◆ **WORK REQUIRED**: Copy task, pictures excluded: set down exactly the lines from the one containing "Ở một chi tiết" to the end of the data below.

══ SUPPLIED DATA

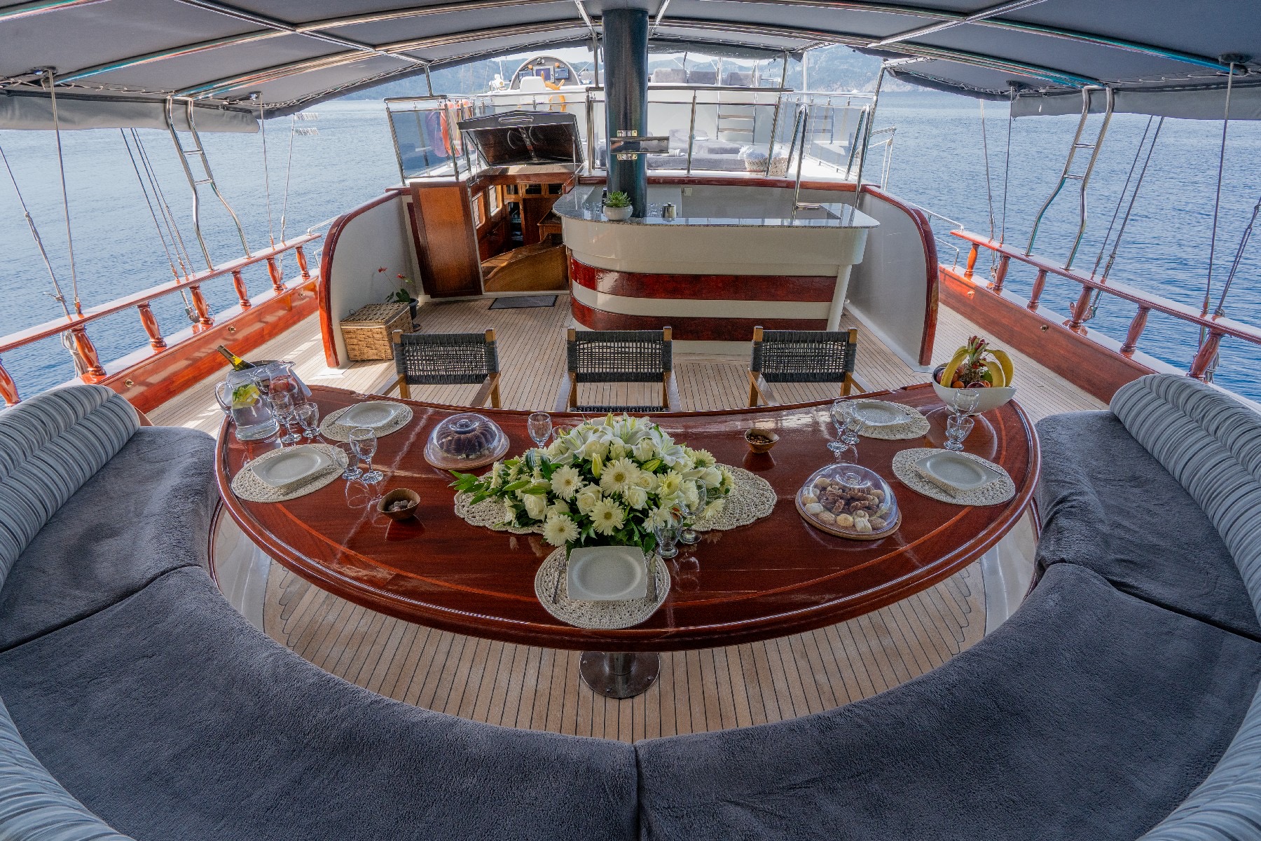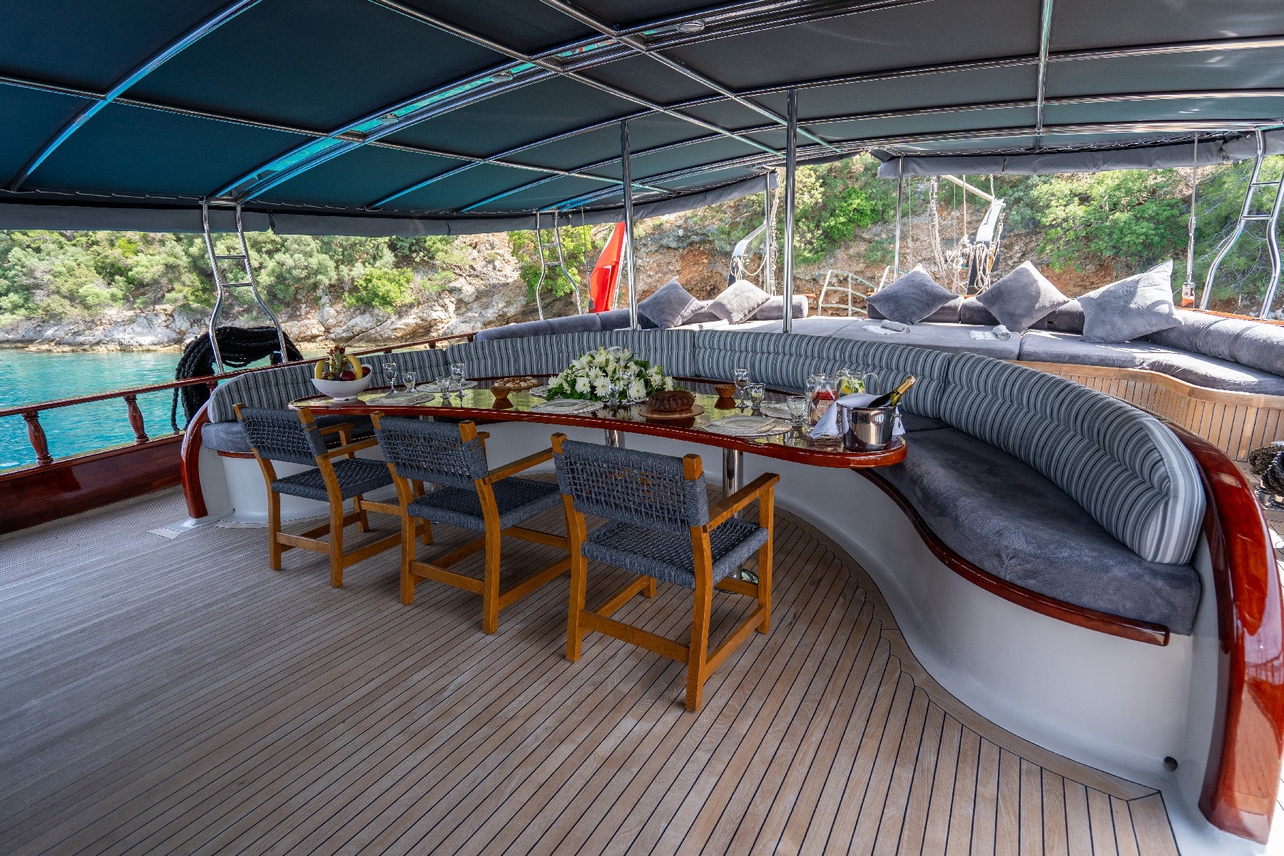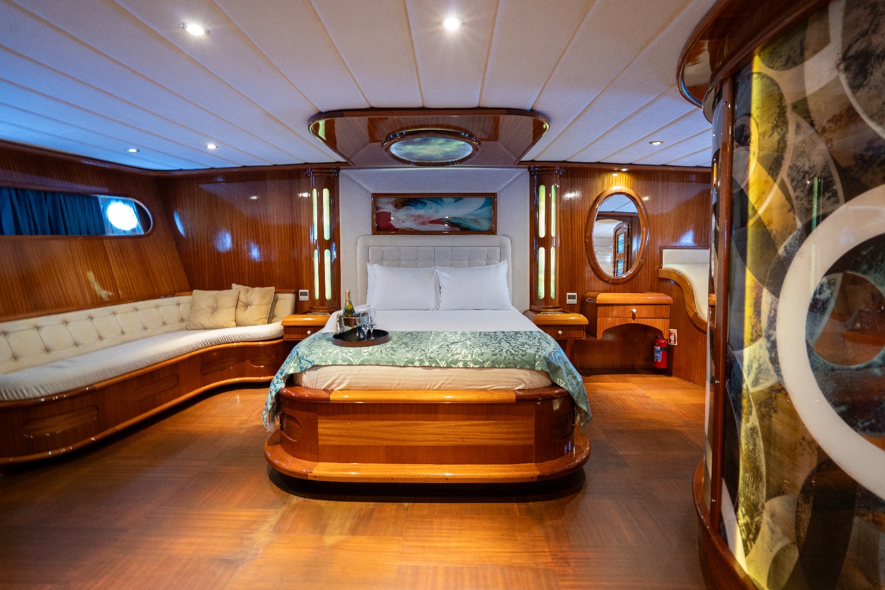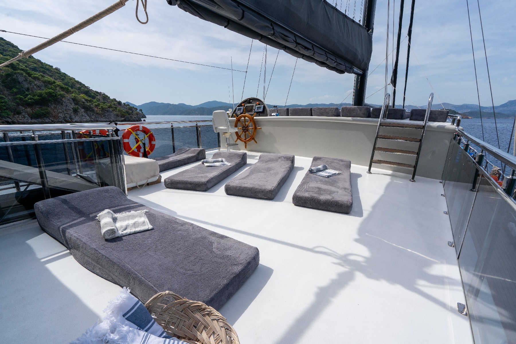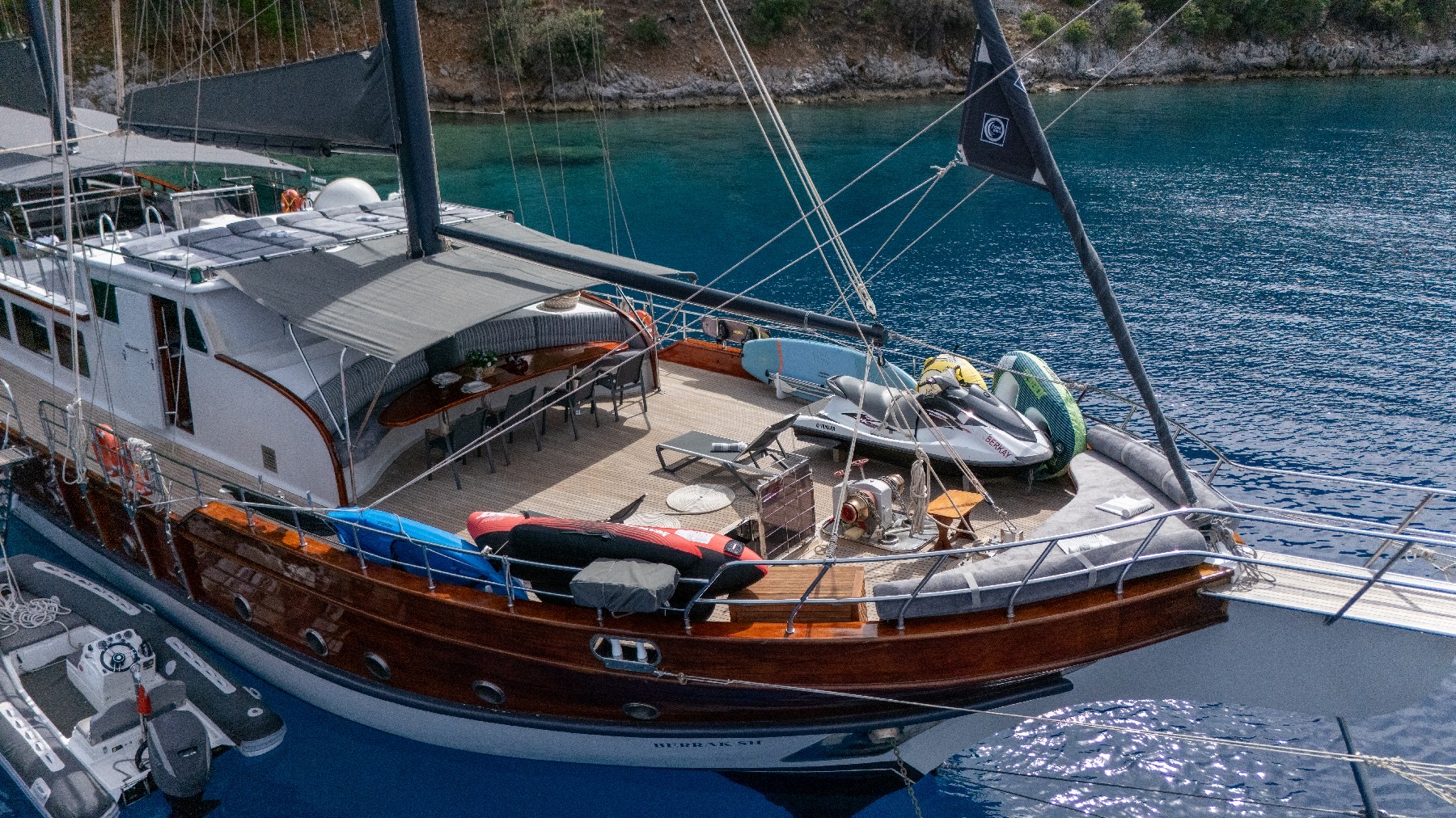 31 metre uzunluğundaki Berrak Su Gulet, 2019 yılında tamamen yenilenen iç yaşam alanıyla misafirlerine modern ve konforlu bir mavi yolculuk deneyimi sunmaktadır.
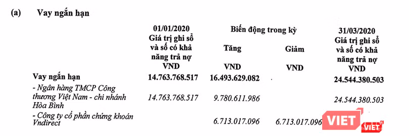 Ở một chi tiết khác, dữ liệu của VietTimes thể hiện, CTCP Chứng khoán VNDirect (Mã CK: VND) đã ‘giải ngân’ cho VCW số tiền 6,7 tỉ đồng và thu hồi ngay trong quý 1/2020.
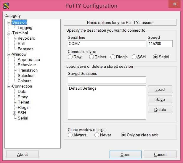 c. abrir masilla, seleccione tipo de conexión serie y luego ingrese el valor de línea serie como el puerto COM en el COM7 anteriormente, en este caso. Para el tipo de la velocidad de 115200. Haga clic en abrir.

════

◆ **SOLUTION TO THE PROBLEM**:
 Ở một chi tiết khác, dữ liệu của VietTimes thể hiện, CTCP Chứng khoán VNDirect (Mã CK: VND) đã ‘giải ngân’ cho VCW số tiền 6,7 tỉ đồng và thu hồi ngay trong quý 1/2020.
 c. abrir masilla, seleccione tipo de conexión serie y luego ingrese el valor de línea serie como el puerto COM en el COM7 anteriormente, en este caso. Para el tipo de la velocidad de 115200. Haga clic en abrir.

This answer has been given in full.